Павел Иванович вспомнил, зачем он пришел сюда, – вот именно взглянуть на счет времени в верхних углах вещицы, и все получалось правильно: счетчик в левом углу отставал от такого же счетчика в правом углу на двадцать восемь минут. Да так оно и есть: уже чуть не полчаса утеряно в первый же день отсчета; двадцать восемь минут холостого прогона – заварушка ли какая вышла, перебранка пустая – канули полчаса. Вот уж как вышло. Как и замышлялось.
И снова Павел Иванович убедился радостно: все вышло, как он хотел. Вещица эта нужды в нем больше не имеет, он ей больше не нужен. Да ей и никто не нужен. Ее подтолкнули, и она пошла себе считать время чьей-то жизни. И безразлично ей, чью жизнь она считает, существо бессловесное, – не считать она уже не может.
Павел Иванович понимал, что дело даже и жестоковатое выходит: кому это понравится видеть каждодневный укор холостому протеканию собственной жизни, но лишь на человека правдивого и бесстрашного вещица рассчитана.
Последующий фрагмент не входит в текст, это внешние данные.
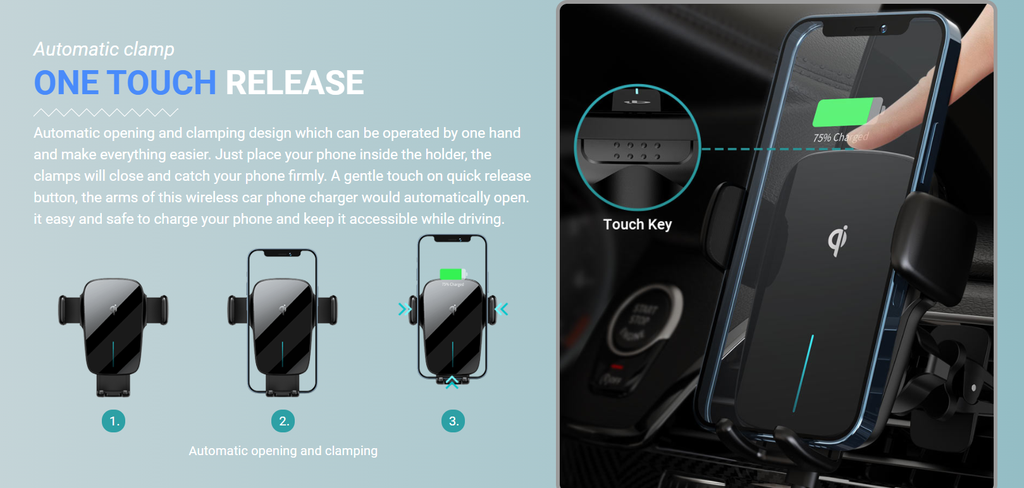 Thiết kế mở và kẹp tự động có thể được vận hành bằng một tay và giúp mọi thứ dễ dàng hơn. Chỉ cần đặt điện thoại của bạn vào bên trong giá đỡ, các kẹp sẽ đóng và bắt điện thoại của bạn một cách chắc chắn. Chỉ cần chạm nhẹ vào nút mở nhanh, tay của bộ sạc điện thoại không dây trên ô tô này sẽ tự động mở ra, thật dễ dàng và an toàn để sạc điện thoại của bạn và luôn có thể truy cập được khi đang lái xe.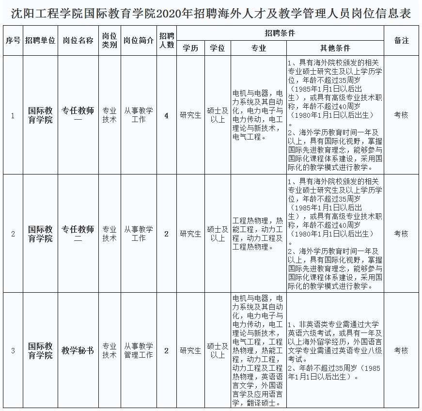 沈阳工程学院国际教育学院2020年招聘海外人才及教学管理人员公告

А Таня, основательно надеялся Павел Иванович, такой именно человек и есть. Хотя штука ведь какая выходит: человек пугливый и криводушный не сообразит даже, к чему указан счет в левом углу, – счет напрасный, подумает, завирается старый чудак, изрядно барахлит его машинка.
Не сообразит, что все в машинке точнее точного, вот только глаз надо иметь прямой и кое-какую смелость.
И понимая, что он выиграл, Павел Иванович выпрямился и победительно качнулся на носках. Однако сознавал себя Павел Иванович победителем лишь головой, сердце же его – молчало. Привыкший за последний час к соображению, что жизнь его полностью прошла, он вместе с тем ощущал, но не горячо, сердцем, а отдаленно и как-то в отчуждении, что жизнь его полностью удалась, что он был в ней не гость случайный, но хозяин, и что другой судьбы для себя он выбирать бы не стал. И это сознание было в нем твердо.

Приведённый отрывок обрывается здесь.